> _REQUIRED ACTION_:
Nothing but the lines below from the one holding "이러한 흐름에 발맞춰" up to and including the one holding "巧雕黄加绿喜上眉梢 翡翠吊坠 尺寸57-33-12毫米" should be copied, exactly and without pictures.

> _INPUT DATA_:
++++++++
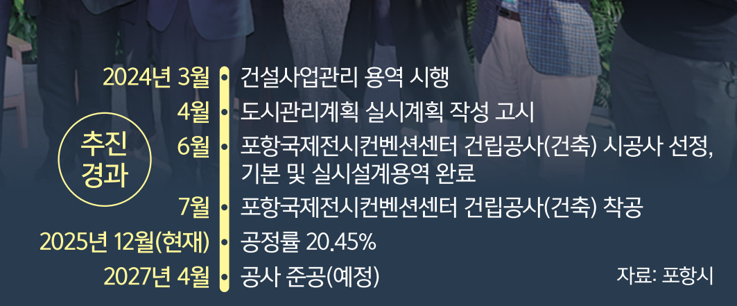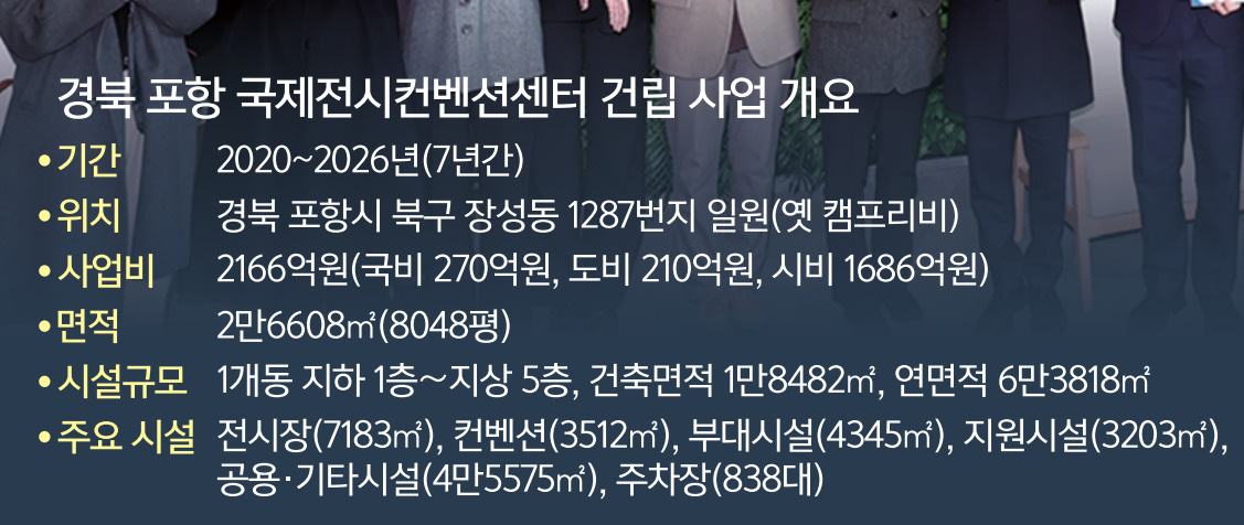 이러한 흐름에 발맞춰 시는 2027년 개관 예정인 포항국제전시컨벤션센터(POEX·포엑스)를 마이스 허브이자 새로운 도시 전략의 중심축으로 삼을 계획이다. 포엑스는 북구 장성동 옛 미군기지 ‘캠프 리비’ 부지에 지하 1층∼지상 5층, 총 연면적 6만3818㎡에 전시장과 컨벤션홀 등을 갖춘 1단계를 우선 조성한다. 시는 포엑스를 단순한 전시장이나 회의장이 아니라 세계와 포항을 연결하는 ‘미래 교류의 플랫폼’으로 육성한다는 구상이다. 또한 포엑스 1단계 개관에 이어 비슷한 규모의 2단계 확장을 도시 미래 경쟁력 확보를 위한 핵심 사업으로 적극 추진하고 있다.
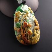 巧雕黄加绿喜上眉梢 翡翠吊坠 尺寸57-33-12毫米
++++++++
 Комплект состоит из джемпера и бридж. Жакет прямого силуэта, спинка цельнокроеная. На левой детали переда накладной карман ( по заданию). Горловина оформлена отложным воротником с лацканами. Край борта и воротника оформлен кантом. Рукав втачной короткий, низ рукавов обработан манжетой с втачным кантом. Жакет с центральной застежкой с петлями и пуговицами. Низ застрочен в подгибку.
++++++++
> _WRITTEN REPLY_:
 이러한 흐름에 발맞춰 시는 2027년 개관 예정인 포항국제전시컨벤션센터(POEX·포엑스)를 마이스 허브이자 새로운 도시 전략의 중심축으로 삼을 계획이다. 포엑스는 북구 장성동 옛 미군기지 ‘캠프 리비’ 부지에 지하 1층∼지상 5층, 총 연면적 6만3818㎡에 전시장과 컨벤션홀 등을 갖춘 1단계를 우선 조성한다. 시는 포엑스를 단순한 전시장이나 회의장이 아니라 세계와 포항을 연결하는 ‘미래 교류의 플랫폼’으로 육성한다는 구상이다. 또한 포엑스 1단계 개관에 이어 비슷한 규모의 2단계 확장을 도시 미래 경쟁력 확보를 위한 핵심 사업으로 적극 추진하고 있다.
 巧雕黄加绿喜上眉梢 翡翠吊坠 尺寸57-33-12毫米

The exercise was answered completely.